_Try it_:
Begin your transcription at the line containing "ladore ships ラドアシップス" and continue it, word for word, to the final line below. Include only those lines and skip the pictures.
-.-.-
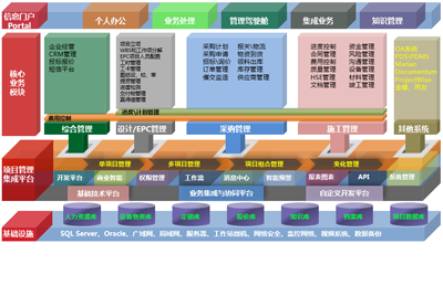 施工總承包企業解決方案構成1、綜合項目管理系統方案 施工總承包企業項目管理信息系統要覆蓋進度、成本、合同、物資、設備、質量、安全、風險管理內容。 2、工程設計管理系統 可以實現對工程圖紙的全生命周期管理,包括建立設計人員個人圖檔資料庫、圖紙添加上傳,圖簽和圖紙編目管理,實現數據庫與項目圖紙圖簽信息的雙向流動,圖紙設校審流程審批事務管理,已完成圖紙歸檔和出圖提交。 "項目打包"可以將項目已上傳的圖紙按項目樹結構打包輸出,方便圖紙提交及光盤備份。同時提供"歷史版本"管理,幫助設計人員管理各階段設計成果。 3、人力資源管理系統 針對集團公司的人力資源進行統一管理。主要包括:招聘管理、員工檔案管理、薪酬福利管理、考勤管理、人事管理、合同管理、薪資管理、培訓管理、績效管理等。 4、檔案資料管理系統 結合檔案資料管理的有關規定,具備檔案分類目錄建立、各類文檔資料錄入、項目檔案歸檔、檔案查詢、資料借閱管理等功能; 5、辦公自動化及門戶網站 各部門通過門戶網站登陸內部OA辦公自動化平臺中,維護外部網站數據,控制企業網站信息的顯示,使企業的信息快速及時的在公司網站中更新顯示,保持網站信息的及時更新。 6、決策支持系統 主要面向決策層和有需要的管理層。對項目和管理過程中的動態情況進行跟蹤和報表統計。從各個維度和角度進行數據的挖掘,使領導層能對項目的進度、招投標情況、進度、成本、合同、資金的情況進行跟蹤和查詢。 7、企業知識庫 企業知識庫主要是對企業的定額、企業的規章制度、標準圖集、工程規范、合同范本等進行管理,實現知識資產采集、知識資產傳遞及利用、知識資產創新、教育培訓、效益分析和知識資產的保護等功能,為企業日常管理需要提供支持、借鑒和參考。
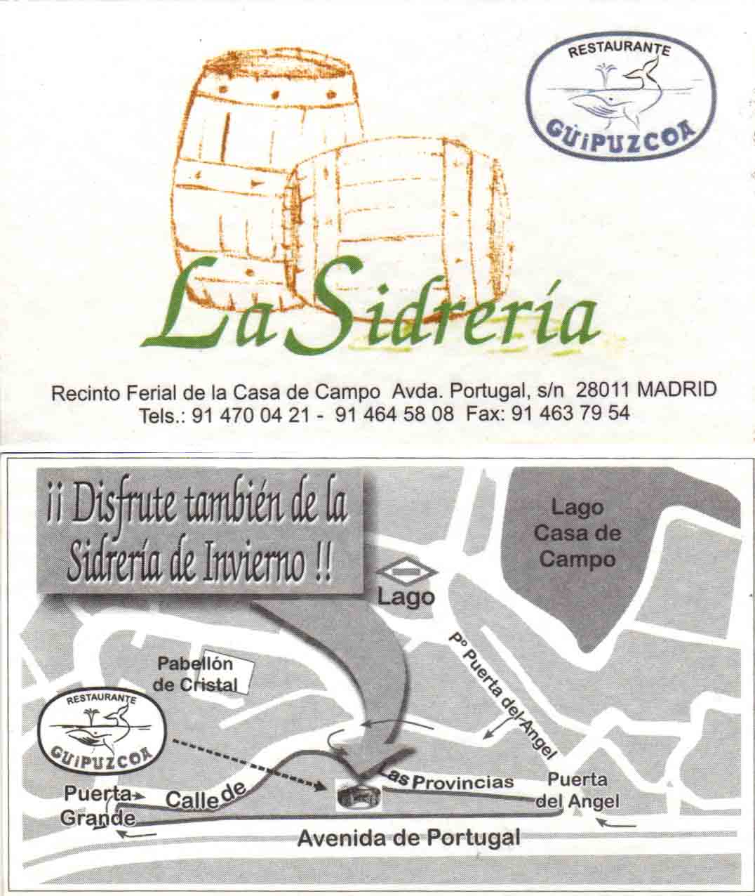 "La sidrería vasca tradicional se ha traslado a Madrid, el restaurante Guipúzcoa fue pionero en instalar este concepto de la sidrería y caseríos guipuzcoanos situados en los alrededores de Donosti. La Sidrería del Guipúzcoa es el prototipo de la más pura cocina vasca tradicional, basada en la calidad de sus materias primas y una sencilla pero esmerada elaboración. El menú de La Sidrería, con la tortilla de bacalao y chuletón de carne roja, es el protagonista de la carta. Desde las “kupelas” (barricas) los comensales pueden escanciar directamente al vaso la sidra natural de Zapiain, o bien llevarse a la mesa una jarra recién escanciada de forma ilimitada a un precio fijo irresistible. Nuestra carta ofrece habitualmente platos creativos elaborados con setas: Boletus, Russulas, setas de primavera, colmenerillas, perretxikos y un largo etcétera. Una cita imprescindible durante la época estival es disfrutar de La Parrilla del Restaurante Guipúzcoa en nuestra terraza-jardín. El aroma inconfundible del carbón de encina envuelve sus pescados y carnes. Los platos de la Cocina Vasca del Restaurante Guipúzcoa son sencillos y nobles como sus propios orígenes. En ella se cocinan los pescados más comunes como la merluza, el besugo, el rape o la lubina, e incluso los humildes como las sardinas y las anchoas. Todos ellos pueden ser servidos con las cuatro salsas tradicionales, la roja a la vizcaína, la blanca en el pil-pil, la verde en la merluza y la negra en los chipirones que nunca faltan en nuestra cocina. Para terminar los reyes de la repostería casera: arroz con leche y queso con nueces, hacen las delicias de nuestros comensales."
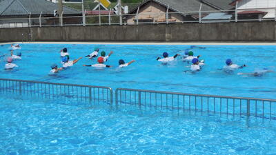 「着衣泳」の授業の目的は、泳ぐことではなく、「浮くこと」です。水難事故に遭いそうになったときに命を守るにはどうするのがよいかという学習です。
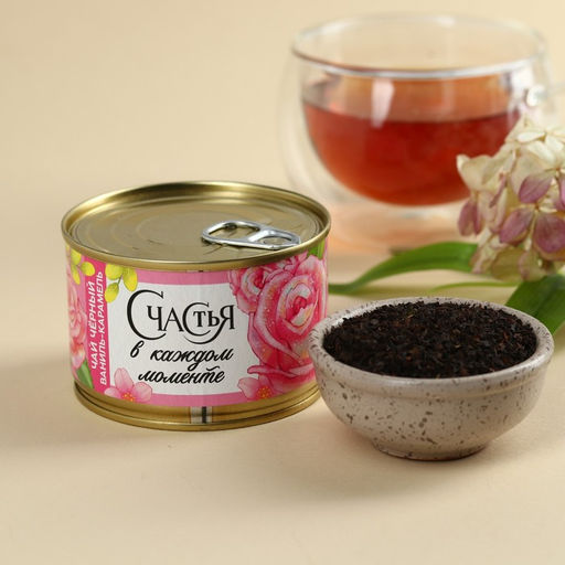 Чай чёрный в консервной банке Счастья в каждом моменте, вкус: ваниль-карамель, 20 г.
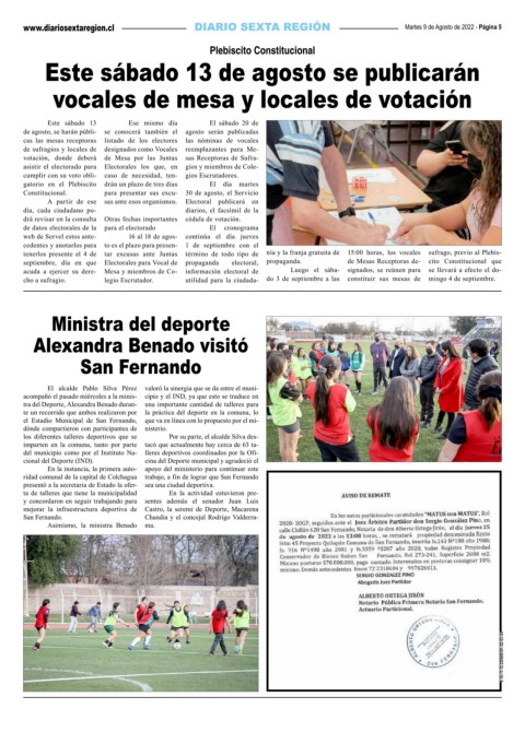 ridad comunal de la capital de Colchagua trabajo, a fin de lograr que San Fernando
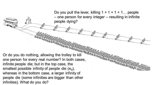 I pull the lever, if the cart goes over the real numbers it will instantly kill an infinite amount of people and continue killing an infinite amount of people for every moment for the rest of existence.
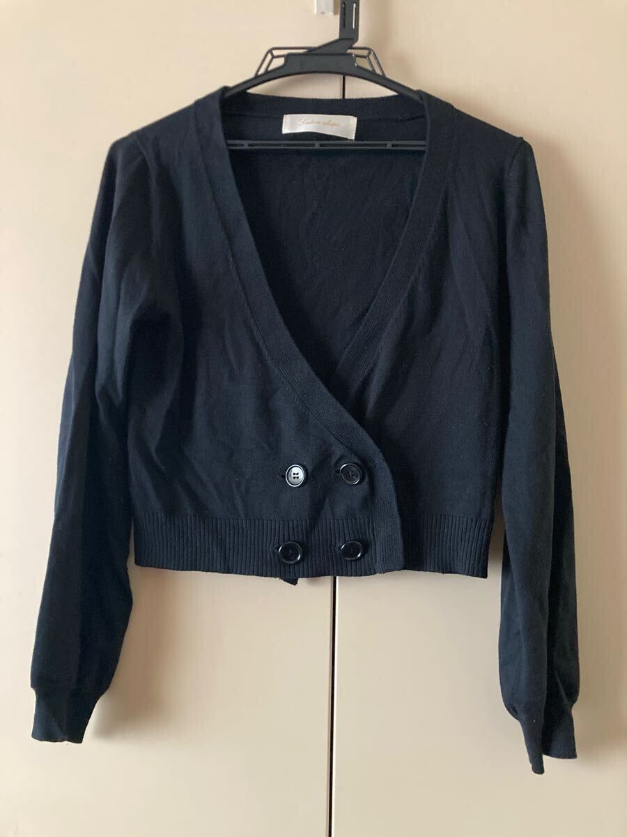 > ☆Ships 絹 カシミヤ カーディガン ブラック 黒 パフスリーブ バルーン袖 ショート丈 ladore ships ラドアシップス
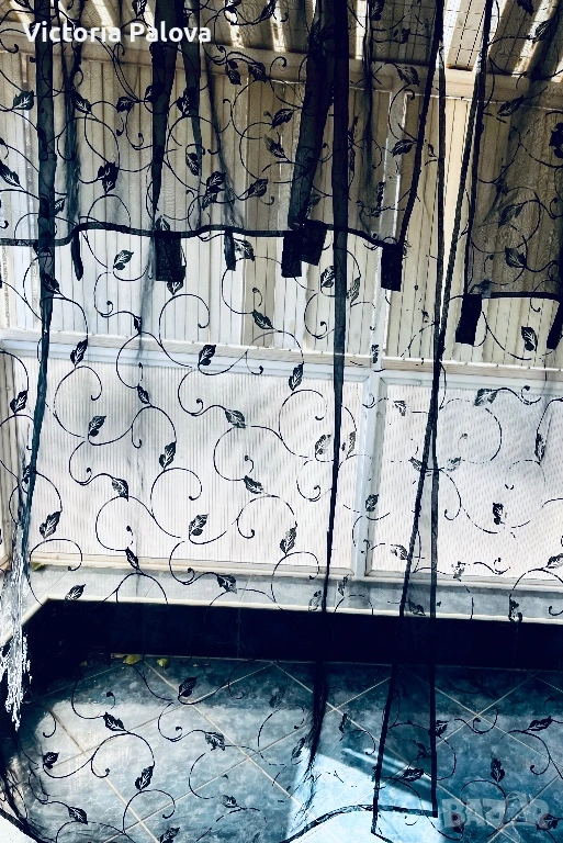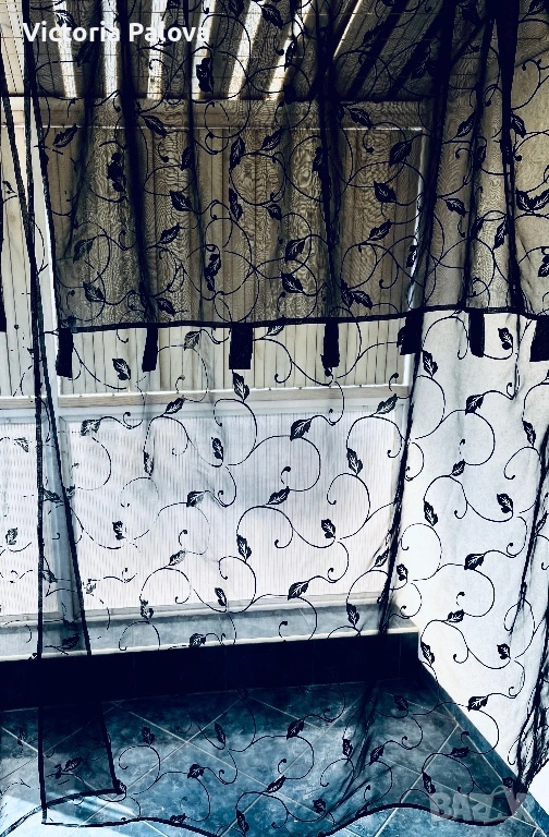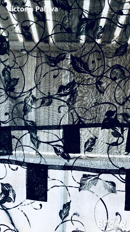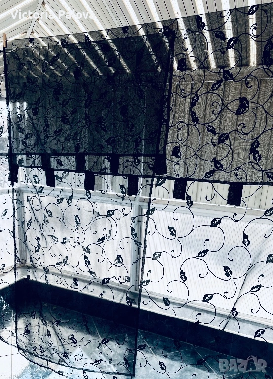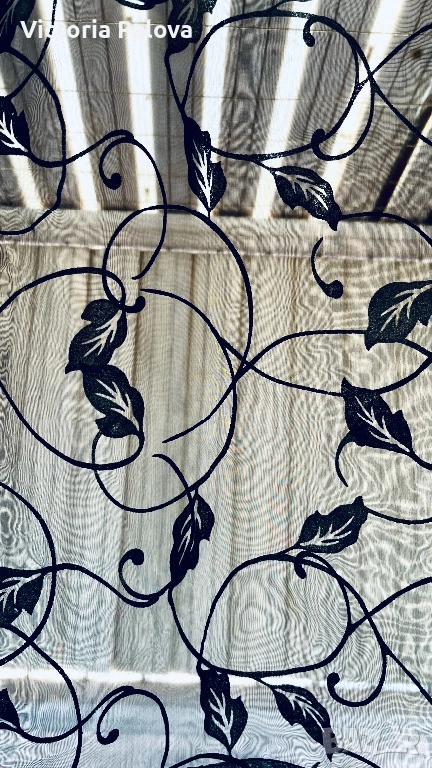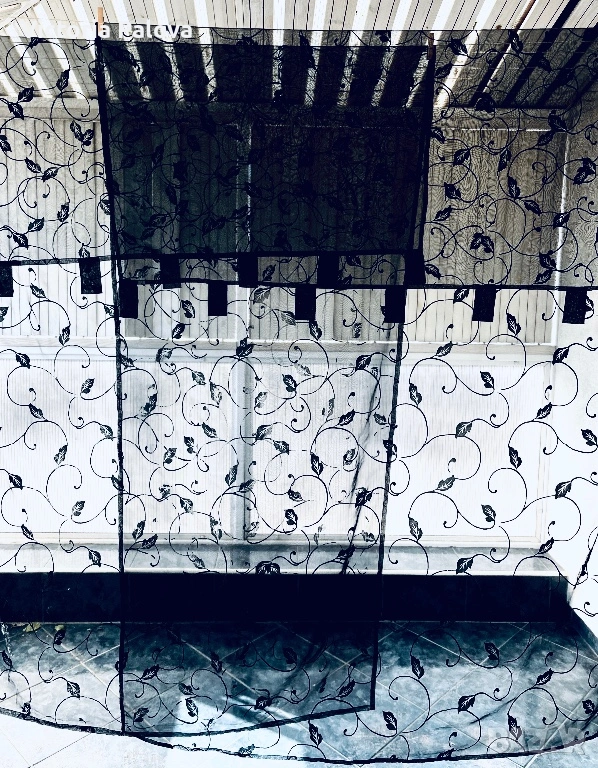 Комплект от два броя ефирни черни пердета с изискан флорален десен от преплитащи се клонки и листа, които придават на интериора модерен и същевременно артистичен облик. Всеки панел е с размери 230 см височина и 140 см ширина, като са изработени от качествена и устойчива материя със състав 50% полиамид и 50% полиестер, което ги прави изключително здрави, лесни за поддръжка и бързосъхнещи. Макар че не са нови, пердетата са в отлично състояние, със запазени наситени цветове и здрава тъкан, готови веднага да внесат нов уют в хола, спалнята или на вашата тераса. Моделът е предвиден за лесно и бързо директно нанизване на тръбен корниз, което създава красиви естествени гънки и придава завършен вид на помещението. Тези пердета осигуряват дискретност, без да спират притока на естествена светлина, и са практичен избор за всеки дом.
-.-.-
_Solution to the exercise_:
 > ☆Ships 絹 カシミヤ カーディガン ブラック 黒 パフスリーブ バルーン袖 ショート丈 ladore ships ラドアシップス
 Комплект от два броя ефирни черни пердета с изискан флорален десен от преплитащи се клонки и листа, които придават на интериора модерен и същевременно артистичен облик. Всеки панел е с размери 230 см височина и 140 см ширина, като са изработени от качествена и устойчива материя със състав 50% полиамид и 50% полиестер, което ги прави изключително здрави, лесни за поддръжка и бързосъхнещи. Макар че не са нови, пердетата са в отлично състояние, със запазени наситени цветове и здрава тъкан, готови веднага да внесат нов уют в хола, спалнята или на вашата тераса. Моделът е предвиден за лесно и бързо директно нанизване на тръбен корниз, което създава красиви естествени гънки и придава завършен вид на помещението. Тези пердета осигуряват дискретност, без да спират притока на естествена светлина, и са практичен избор за всеки дом.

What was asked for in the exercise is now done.